▶ What you should do
Retype, exactly and with both ends included, the lines below from the one containing "Das Herrenhaus verfügt" through the end; omit the pictures.

Data Block Start

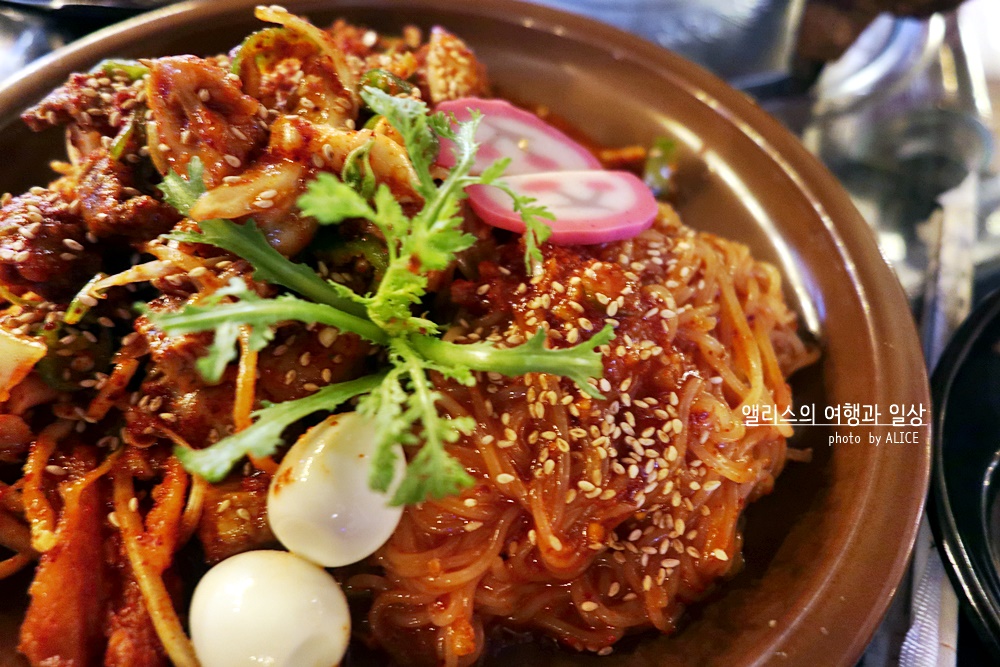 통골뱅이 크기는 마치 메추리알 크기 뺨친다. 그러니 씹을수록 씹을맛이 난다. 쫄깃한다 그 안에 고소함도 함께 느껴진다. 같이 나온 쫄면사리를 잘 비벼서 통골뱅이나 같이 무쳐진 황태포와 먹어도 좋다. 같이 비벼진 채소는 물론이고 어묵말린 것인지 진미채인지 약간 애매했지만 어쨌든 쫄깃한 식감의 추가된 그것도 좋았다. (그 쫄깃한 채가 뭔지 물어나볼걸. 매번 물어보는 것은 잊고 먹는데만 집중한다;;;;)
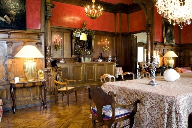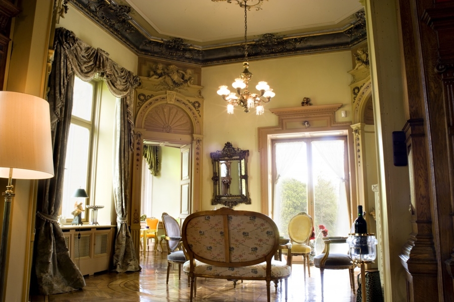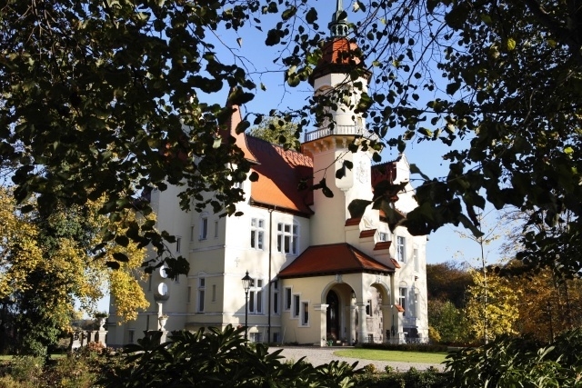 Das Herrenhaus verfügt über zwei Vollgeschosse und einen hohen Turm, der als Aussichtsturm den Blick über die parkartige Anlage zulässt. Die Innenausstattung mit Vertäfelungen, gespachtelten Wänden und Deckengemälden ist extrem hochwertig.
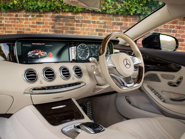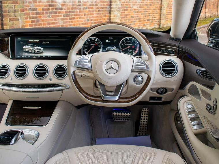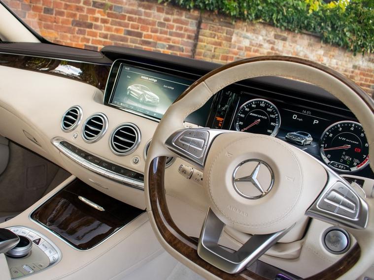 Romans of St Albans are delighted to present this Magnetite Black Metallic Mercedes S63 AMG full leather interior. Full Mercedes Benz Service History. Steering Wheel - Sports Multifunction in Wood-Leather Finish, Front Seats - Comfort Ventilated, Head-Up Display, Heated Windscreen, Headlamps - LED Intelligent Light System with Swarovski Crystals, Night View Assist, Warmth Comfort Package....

Data Block End

▶ Output below
 Das Herrenhaus verfügt über zwei Vollgeschosse und einen hohen Turm, der als Aussichtsturm den Blick über die parkartige Anlage zulässt. Die Innenausstattung mit Vertäfelungen, gespachtelten Wänden und Deckengemälden ist extrem hochwertig.
 Romans of St Albans are delighted to present this Magnetite Black Metallic Mercedes S63 AMG full leather interior. Full Mercedes Benz Service History. Steering Wheel - Sports Multifunction in Wood-Leather Finish, Front Seats - Comfort Ventilated, Head-Up Display, Heated Windscreen, Headlamps - LED Intelligent Light System with Swarovski Crystals, Night View Assist, Warmth Comfort Package....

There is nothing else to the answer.